Hymne à la terre africaine
Petite histoire de la danse pantsula
Vent d’Afrique. C’est du sud du continent, le pays de l’ex-apartheid et des danses de mineurs, que nous vient Via Katlehong Dance, dont le nom évoque un township qui se rendit fameux en se soulevant, il y a une trentaine d’années. De cette rage de vivre et de danser, la compagnie d’Afrique du Sud a fait son credo depuis sa création en 1996. Bien sûr, c’est le pantsula, danse urbaine autant que mode de vie, qui est le moteur des interprètes, bien que la troupe n’hésite pas à aller chercher de temps en temps des créateurs d’autres horizons (Christian Rizzo ou Robyn Orlin, dernièrement).
Woza est leur nouvel eldorado, une « pièce qui rend hommage à la nature, aux bruits venus des arbres, du vent et des animaux, qui ont inspiré les musiques d’Afrique. Au bois, dans lequel on sculpte les instruments. Aux corps qui s’emparent des rythmes pour en faire une danse ». Tout un programme.
Sur scène, Via Katlehong Dance invite le pantsula, autrefois expression des populations noires des ghettos, et danse contemporaine africaine, dans un élan commun. La plus belle façon sans doute de s’inventer un avenir qui passe par le mouvement.
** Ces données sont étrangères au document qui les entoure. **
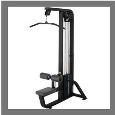
Hammer Strength Lat Pulldown Machine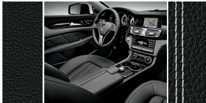
Black (Wheel Packages add contrasting Grey stitching)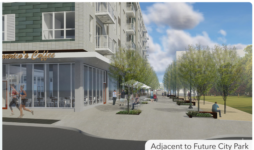
Adjacent to Future City Park

Slabtown Square will be an activated campus, fostering unity and connection between retail and residential spaces. Diverse retail floorplans offer access to NW 21st Avenue, NW Quimby Street, and NW Pettygrove Street, as well as options to open into the public courtyard or the activated residential lobby. The fluidity of space and amenities will result in a lively and spirited community environment in the heart of Slabtown.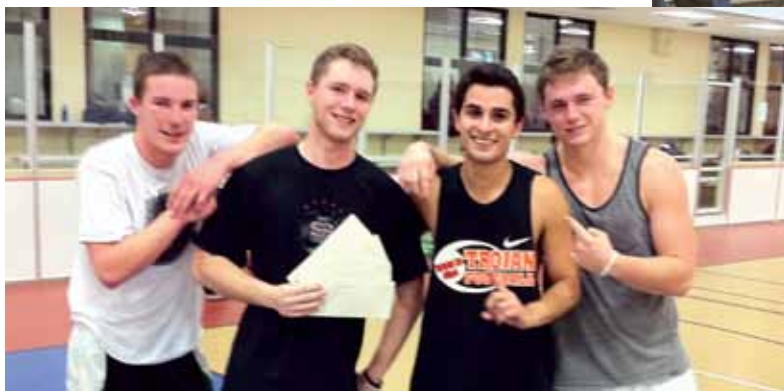
One Love SILVER WINNERS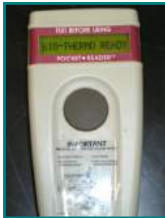
Figure 14. Portable microchip scanner.

Scanners generate a low frequency radio band that is intercepted by the microchip, which uses the energy from this band to power itself and transmit a return signal to the scanner. The scanner decodes the signal and displays the microchip's identification code on a liquid-crystal display window. With some scanners, the code can be relayed via computer interface to a database to instantly yield information about the microchipped animal (see Figure 14).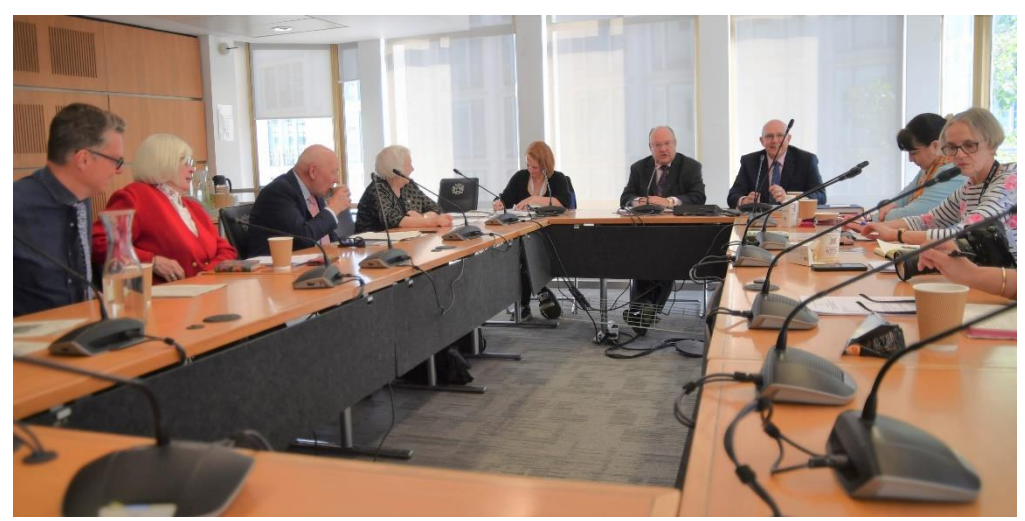
The Guild's Management Committee in meeting

On découvrira également les apports de cette compagnie qui imagine des percussions corporelles, comme le mogaba, consistant en frappes de pieds et claquements de mains, avec voix et rythmes. L’énergie ainsi dégagée n’est plus celle du désespoir mais bel et bien d’une danse engagée. Via Katlehong Dance fait de Woza un hymne à la terre africaine ; et au delà, à l’humain.
Philippe Noisette
Avec 3 musiciens.
Dans les années soixante, le régime d'apartheid de l'Afrique du Sud organise le déplacement forcé de nombreuses populations noires pour les cantonner dans des ghettos aux abords des zones urbaines. Réservoirs de main-d'oeuvre bon marché, les townships deviennent un lieu de misère, de chômage et de délinquance, mais aussi un espace de rencontre entre habitants des villes et des campagnes et le terreau d'une culture débordante, vive et joyeuse, le pantsula.
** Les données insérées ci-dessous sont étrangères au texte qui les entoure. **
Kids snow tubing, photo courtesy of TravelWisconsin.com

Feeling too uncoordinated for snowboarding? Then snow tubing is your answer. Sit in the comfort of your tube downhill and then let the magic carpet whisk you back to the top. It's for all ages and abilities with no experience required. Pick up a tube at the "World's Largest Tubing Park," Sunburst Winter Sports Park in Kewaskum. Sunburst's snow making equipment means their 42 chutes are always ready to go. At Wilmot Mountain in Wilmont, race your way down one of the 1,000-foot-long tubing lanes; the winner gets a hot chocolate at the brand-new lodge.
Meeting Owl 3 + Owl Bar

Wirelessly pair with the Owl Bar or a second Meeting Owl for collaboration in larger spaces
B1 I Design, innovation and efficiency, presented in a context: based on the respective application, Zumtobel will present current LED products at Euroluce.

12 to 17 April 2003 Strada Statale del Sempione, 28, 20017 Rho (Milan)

Le pantsula, c'est tout à la fois un mouvement de mode, de musique et de danse, mais c'est surtout un véritable style de vie. La jeunesse rebelle des townships retrouve sa fierté dans ces concours où l'élégance la plus extravagante est associée à une danse inventive et débridée tout en étant minutieusement codée. La rue devient alors le théâtre où s’expriment l'angoisse et la joie, la crainte du lendemain et l'esprit de fraternité.
Dans la nouvelle Afrique du Sud, la danse a progressivement quitté les townships, avec sa musique d'accompagnement, le kwaito, pour se retrouver dans l'arène commerciale. Cette mercantilisation de la culture a mené à sa dilution et à une perte d'authenticité par rapport à l'esprit de survie qui lui a donné naissance. Seuls quelques groupes comme Via Katlehong, toujours basé dans un township, ont réussi à traduire sur scène la créativité, l'énergie pure et l'esprit de rébellion du pantsula.
Le gumboots, dont le nom vient des bottes en caoutchouc que portaient les mineurs, a été créé au début des années cinquante pour faire la fête mais aussi en signe de protestation contre leurs conditions de vie. Via Katlehong l'a modernisé en l'associant aux claquettes, à la danse pantsula et à la musique traditionnelle.